Experiments were conducted to explore the feasibility of employing the storage iron compounds, hemosiderin and ferritin, as indicators for the detection and quantitation of spleen added to ground beef.

Weighed amounts of ground beef and a composite spleen homogenate were combined to yield products with 0, 2.5, 5 and 10 percent spleen. A graded series was prepared at each of three fat levels.

A quantitative procedure based on the organ specificity and insolubility of hemosiderin was tested. The soluble iron forms were removed by saline extraction and centrifugation. Any iron remaining in the residue was assumed to be hemosiderin iron.
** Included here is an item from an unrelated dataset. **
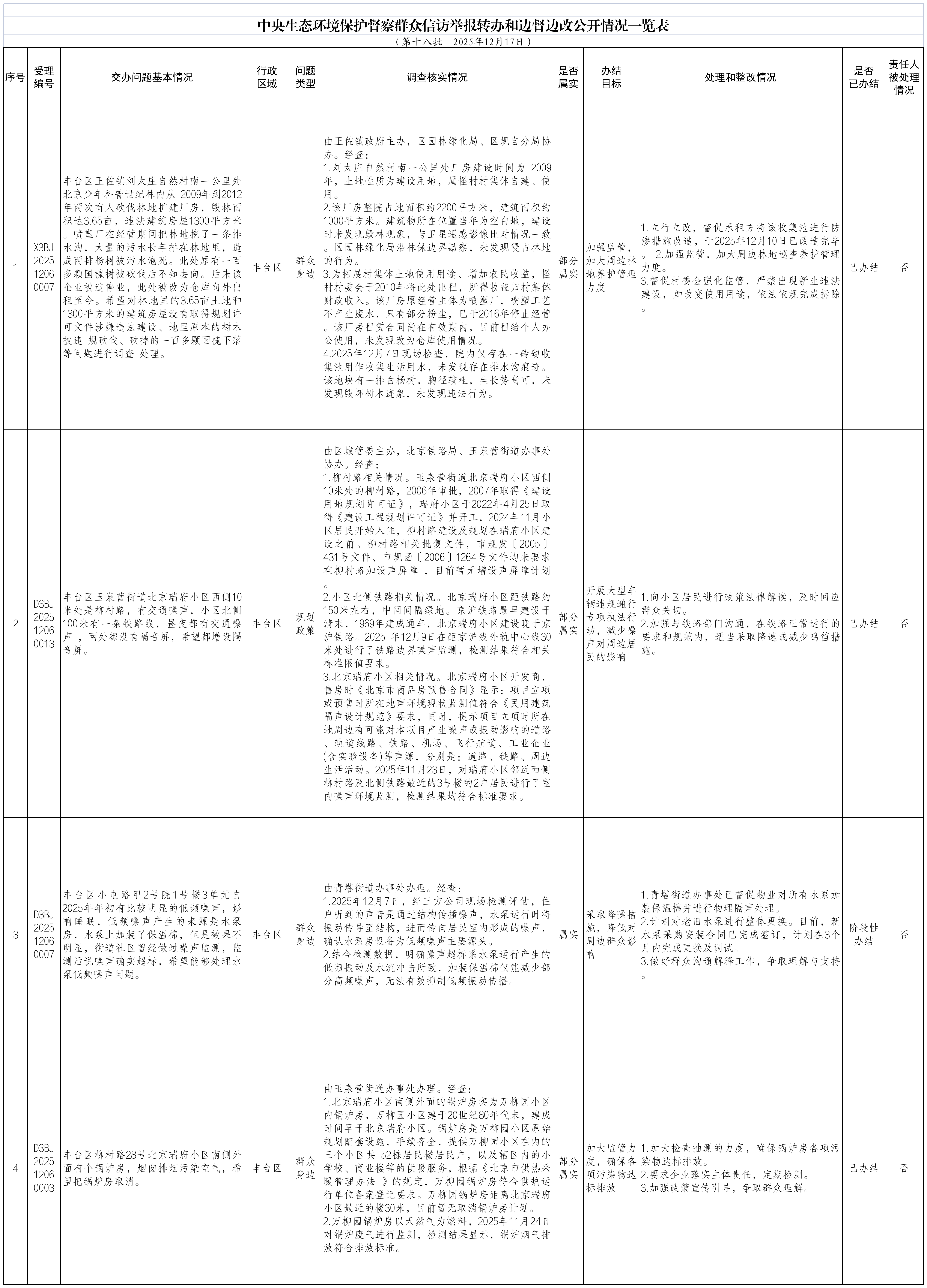2025年12月7日,中央第一生态环境保护督察组向北京市交办第十八批群众信访举报件37件(其中2件依据有关规定不予公开),涉及欧博(中国)官方网站 4件。现按要求向社会公开本区该批次《中央生态环境保护督察群众信访举报转办和边督边改公开情况一览表》(见下表)。

The retained iron was extracted by acid hydrolysis and quantitated colorimetrically with ferrozine and by atomic absorption. The residues from unadulterated samples held less than 4 μg Fe/g original sample. Insoluble iron increased linearly (Slope = 4.83) as the level of spleen in the product increased. The fat content of the products had little effect on the quantitation of added spleen.

A qualitative spot test based on the solubility and heat stability of ferritin was investigated. Protein pellets prepared from unadulterated samples maintained a white to grey-white color after Prussian blue iron staining. Pellets from spleen-added samples developed a blue color. The amount and intensity of blue increased as the amount of spleen in the product increased.

A presumptive test was performed by applying Prussian blue directly to the raw products. The spleen-added products developed a blue color.